Scare Rhetoric and the Search for Security in the U.S.


Scare rhetoric has become a schizophrenic obsession in the United States public policy discourse involving issues of national security.

The rhetoric of security first appeared as the 'red scare' in the 1950s. Senator Joseph R McCarthy of Wisconsin made outrageous claims that the Roosevelt and Truman administrations amounted to "20 years of treason," that they were lax about subversion and disloyalty, and that communists or "reds" had infiltrated the government. Although McCarthy offered no evidence to support his charges and revealed only one name of his suspected communist agents, he won a large following in the U.S. political and media circles.

McCarthyism has now reappeared as a new scare of terrorism. In a typically McCarthy style, the National Commission on Terrorism (NCT) issued its report Monday, accusing the government of being timid in fighting terrorism. "We think there's a chance terrorists will try to stage a catastrophic event in the United States in the future," the NCT Chairman L. Paul Bremer told CNN. "We're talking something which will have tens of thousands of casualties." The Oklahoma City and the World Trade Center bombings give credence to their alarms.

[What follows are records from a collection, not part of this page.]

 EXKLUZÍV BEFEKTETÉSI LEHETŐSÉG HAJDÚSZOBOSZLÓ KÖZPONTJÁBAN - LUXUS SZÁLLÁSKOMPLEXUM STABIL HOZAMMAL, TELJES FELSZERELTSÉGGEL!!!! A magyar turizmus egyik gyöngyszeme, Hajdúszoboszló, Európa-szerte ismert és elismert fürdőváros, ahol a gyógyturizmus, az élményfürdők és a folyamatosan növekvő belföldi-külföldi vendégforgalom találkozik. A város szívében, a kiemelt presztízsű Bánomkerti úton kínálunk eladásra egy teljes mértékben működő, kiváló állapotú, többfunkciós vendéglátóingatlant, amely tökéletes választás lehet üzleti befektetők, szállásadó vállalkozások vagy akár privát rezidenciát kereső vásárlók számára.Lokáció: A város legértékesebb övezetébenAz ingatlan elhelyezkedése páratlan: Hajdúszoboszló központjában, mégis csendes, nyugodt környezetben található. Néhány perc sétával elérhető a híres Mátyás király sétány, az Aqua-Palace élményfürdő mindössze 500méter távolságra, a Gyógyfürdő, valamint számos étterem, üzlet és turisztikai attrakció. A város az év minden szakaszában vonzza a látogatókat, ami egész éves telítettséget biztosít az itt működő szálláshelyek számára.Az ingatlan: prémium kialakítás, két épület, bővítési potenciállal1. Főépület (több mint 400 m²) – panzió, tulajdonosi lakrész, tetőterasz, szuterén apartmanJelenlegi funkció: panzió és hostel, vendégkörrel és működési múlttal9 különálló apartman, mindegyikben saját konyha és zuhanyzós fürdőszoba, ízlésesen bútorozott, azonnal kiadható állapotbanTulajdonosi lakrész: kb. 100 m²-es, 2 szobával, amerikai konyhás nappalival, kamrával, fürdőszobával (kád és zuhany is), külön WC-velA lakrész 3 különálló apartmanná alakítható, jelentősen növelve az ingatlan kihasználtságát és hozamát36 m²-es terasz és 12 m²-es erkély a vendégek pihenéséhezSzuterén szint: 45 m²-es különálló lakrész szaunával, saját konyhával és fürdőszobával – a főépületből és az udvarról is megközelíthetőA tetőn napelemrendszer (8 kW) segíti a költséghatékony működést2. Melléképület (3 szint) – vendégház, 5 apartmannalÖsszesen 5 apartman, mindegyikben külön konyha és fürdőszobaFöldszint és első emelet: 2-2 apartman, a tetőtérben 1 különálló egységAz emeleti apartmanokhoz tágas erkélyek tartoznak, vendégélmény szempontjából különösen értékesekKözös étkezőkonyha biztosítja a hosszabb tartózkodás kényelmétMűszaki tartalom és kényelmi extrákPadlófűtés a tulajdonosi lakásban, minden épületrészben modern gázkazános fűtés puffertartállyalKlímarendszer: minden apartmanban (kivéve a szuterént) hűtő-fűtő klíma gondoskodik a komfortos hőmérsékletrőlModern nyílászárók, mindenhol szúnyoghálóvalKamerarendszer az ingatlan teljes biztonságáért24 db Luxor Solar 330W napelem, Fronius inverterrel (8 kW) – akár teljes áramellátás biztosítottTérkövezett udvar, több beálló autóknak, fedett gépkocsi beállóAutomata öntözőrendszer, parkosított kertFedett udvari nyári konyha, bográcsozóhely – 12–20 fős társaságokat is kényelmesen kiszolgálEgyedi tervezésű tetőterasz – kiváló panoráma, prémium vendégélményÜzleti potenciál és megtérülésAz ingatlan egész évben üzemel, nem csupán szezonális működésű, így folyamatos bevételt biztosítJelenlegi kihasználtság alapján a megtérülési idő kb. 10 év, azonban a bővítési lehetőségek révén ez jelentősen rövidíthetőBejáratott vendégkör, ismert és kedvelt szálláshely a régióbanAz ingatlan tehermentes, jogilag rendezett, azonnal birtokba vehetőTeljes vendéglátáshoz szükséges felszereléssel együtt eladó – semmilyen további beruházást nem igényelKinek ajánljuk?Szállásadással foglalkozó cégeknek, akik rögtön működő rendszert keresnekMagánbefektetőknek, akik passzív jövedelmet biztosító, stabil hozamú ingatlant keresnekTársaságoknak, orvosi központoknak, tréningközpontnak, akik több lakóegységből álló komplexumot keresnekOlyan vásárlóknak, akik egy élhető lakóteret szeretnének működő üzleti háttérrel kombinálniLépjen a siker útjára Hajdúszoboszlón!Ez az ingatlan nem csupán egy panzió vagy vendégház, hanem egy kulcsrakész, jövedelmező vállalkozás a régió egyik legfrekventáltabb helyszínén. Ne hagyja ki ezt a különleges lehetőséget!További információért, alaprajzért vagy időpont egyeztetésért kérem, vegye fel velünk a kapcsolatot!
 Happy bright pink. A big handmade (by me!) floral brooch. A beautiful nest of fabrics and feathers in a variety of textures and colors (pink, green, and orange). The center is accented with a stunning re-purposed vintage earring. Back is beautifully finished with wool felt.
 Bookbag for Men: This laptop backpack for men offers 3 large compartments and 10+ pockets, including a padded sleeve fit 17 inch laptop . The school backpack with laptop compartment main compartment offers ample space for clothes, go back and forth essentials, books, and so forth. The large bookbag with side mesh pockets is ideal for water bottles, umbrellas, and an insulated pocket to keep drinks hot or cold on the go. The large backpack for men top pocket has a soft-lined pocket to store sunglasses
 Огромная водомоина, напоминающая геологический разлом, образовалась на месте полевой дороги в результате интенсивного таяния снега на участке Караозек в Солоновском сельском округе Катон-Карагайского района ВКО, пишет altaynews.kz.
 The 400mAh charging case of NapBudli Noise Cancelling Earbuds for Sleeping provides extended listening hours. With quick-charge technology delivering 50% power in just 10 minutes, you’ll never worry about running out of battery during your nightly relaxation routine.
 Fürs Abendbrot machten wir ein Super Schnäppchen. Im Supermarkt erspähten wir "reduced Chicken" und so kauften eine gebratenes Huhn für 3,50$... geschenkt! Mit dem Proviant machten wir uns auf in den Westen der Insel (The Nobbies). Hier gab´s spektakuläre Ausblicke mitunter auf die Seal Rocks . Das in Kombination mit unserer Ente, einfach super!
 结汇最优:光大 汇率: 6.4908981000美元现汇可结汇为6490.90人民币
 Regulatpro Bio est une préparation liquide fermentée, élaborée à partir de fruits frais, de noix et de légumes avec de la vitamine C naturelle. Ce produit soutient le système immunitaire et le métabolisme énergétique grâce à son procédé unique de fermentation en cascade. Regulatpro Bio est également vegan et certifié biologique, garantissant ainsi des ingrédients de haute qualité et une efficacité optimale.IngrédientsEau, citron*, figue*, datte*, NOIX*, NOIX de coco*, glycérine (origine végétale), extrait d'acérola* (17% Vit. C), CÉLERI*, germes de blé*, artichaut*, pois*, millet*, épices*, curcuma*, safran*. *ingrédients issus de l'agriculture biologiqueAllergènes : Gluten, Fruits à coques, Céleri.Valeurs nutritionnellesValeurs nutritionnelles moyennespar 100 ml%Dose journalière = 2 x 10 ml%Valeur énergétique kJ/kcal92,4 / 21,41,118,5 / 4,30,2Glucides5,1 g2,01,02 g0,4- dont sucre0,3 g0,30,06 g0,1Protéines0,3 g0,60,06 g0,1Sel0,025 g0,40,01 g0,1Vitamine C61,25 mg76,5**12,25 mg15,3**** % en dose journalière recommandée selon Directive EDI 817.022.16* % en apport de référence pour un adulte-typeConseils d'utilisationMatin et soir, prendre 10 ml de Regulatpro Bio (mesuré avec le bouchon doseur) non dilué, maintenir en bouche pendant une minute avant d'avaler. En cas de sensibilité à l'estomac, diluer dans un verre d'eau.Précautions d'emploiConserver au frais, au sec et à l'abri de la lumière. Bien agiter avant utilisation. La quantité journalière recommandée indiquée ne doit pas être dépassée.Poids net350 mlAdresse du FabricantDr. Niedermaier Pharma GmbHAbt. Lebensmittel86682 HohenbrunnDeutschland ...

The NCT report lamented that the National Security Agency cannot translate the rising volume of terrorist data traffic into intelligence and thus has put the U.S. at increased risk for attacks. Hence, NCT argued, the freedom of thought and action of certain groups of people must be curbed. The government must keep closer tabs on international students in the U.S, barring them from gathering scientific knowledge that they might use later for terrorist purposes. The government must loosen information-gathering restrictions on the FBI and CIA, maintain tighter controls on suspected "terrorist" fundraising, and impose sanctions on countries that are cooperating with the U.S. "not consistently" or "not fully" in 'counter terrorism.' These measures are a carte blanche for U.S. agencies that have already relished the use of ethnic profiling and secret evidence in searching for real and imagined terrorists.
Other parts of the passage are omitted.